Exercise requirements: Among the lines of the records, find all that carry the word "distribution" and copy them.

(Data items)
☆ ☆ ☆ ☆

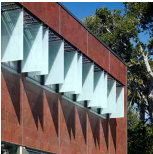
South exposures should be articulated to control solar gain (upper). East and west-facing windows may require vertical solar shading (lower).
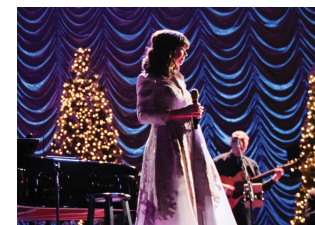
Sing! An Irish Christmas
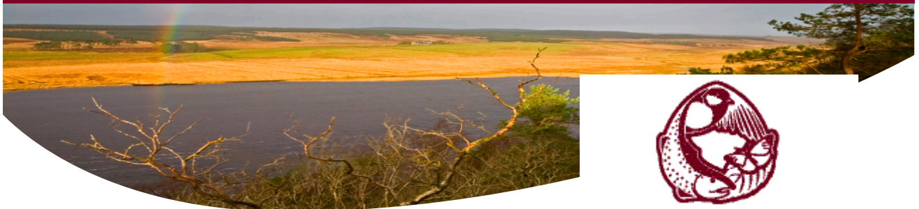
Greenlee Lough
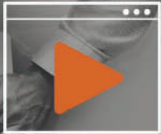
• Video Viral
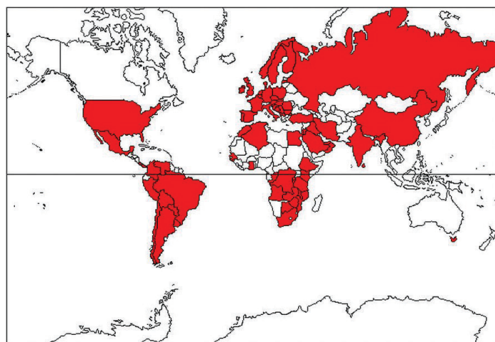
Figure 2. The worldwide distribution (red colored areas) of the bee louse, Braula coeca Nitzsch.

Braula has an extensive global distribution, being documented in Africa, Asia, Europe, Australia (Tasmania), North America, and South America (Smith and Carron 1985). The species probably was brought into the United States on imported honey bee queens, although the exact year is unknown (Philips 1925).
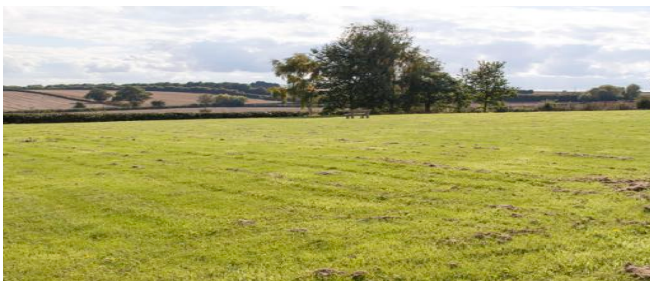
From Parish Field Tuxford Road
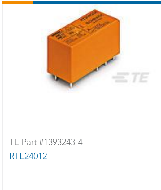
TE Part #1393243-4 RTE24012
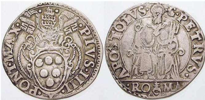
PAPAL COINS Pius IV., 1559-1565.

Estimate: 150.00 EUR. Price realized: 270 EUR (approx. 324 U.S. Dollars as of the auction date)
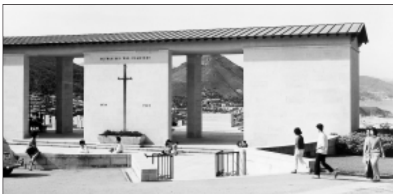
SAI WAN BAY MEMORIAL.

First, they attempted a thrust along the shore of Repulse Bay in the hope of reaching Wong Nei Chong Gap - and the West Brigade. They managed to drive the enemy out of an area around the Repulse Bay Hotel. However, they were unable to dislodge the Japanese from the surrounding hill positions and were forced to withdraw. One company of the Royal Rifles was left to hold this area and a renewed effort to break through was made on December 21. Next came an attempt to reach Won Nei Chong by a more easterly route. Despite heavy enemy opposition south of Tai Tam Tuk Reservoir, the Royal Rifles succeeded in driving the Japanese out of a number of hill positions and in destroying a group holding the crossroads south of the reservoir.
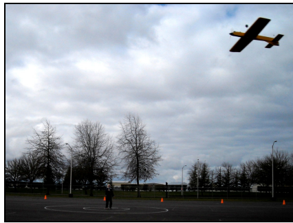
Nice inverted lap
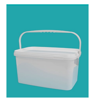
10 litre Squat Bucket with Plastic Handle & T/E Lid

White with plastic handle: MPGTFR10000PBW
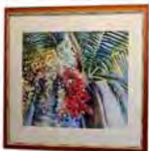
"Twin Palms" by Yanina Cambareri
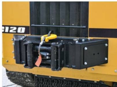
Hydraulic rear winch with 12,000-pound capacity.
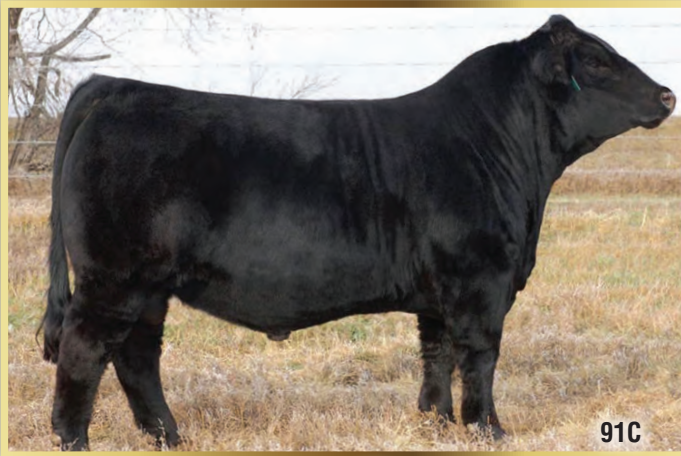
CCLT Alliance 91C
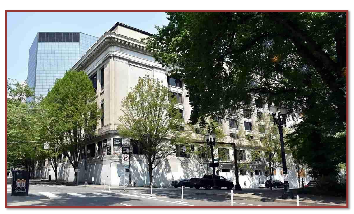
Multnomah County Courthouse as it stands today. Photo taken in 2023. Photo.
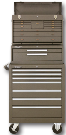
52611 11-Drawer Chest 5150 2-Drawer Base 277X 7-Drawer Cabinet
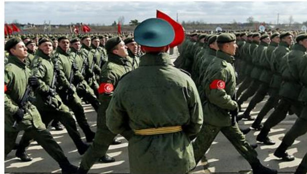
Figure 2. Russian soldiers march for the Victory Day Parade (Stewart, 2015)
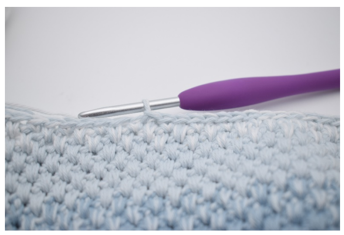
4. Work sl sts in the following 18 sts.

☆ ☆ ☆ ☆

Output for this task:
Figure 2. The worldwide distribution (red colored areas) of the bee louse, Braula coeca Nitzsch.
Braula has an extensive global distribution, being documented in Africa, Asia, Europe, Australia (Tasmania), North America, and South America (Smith and Carron 1985). The species probably was brought into the United States on imported honey bee queens, although the exact year is unknown (Philips 1925).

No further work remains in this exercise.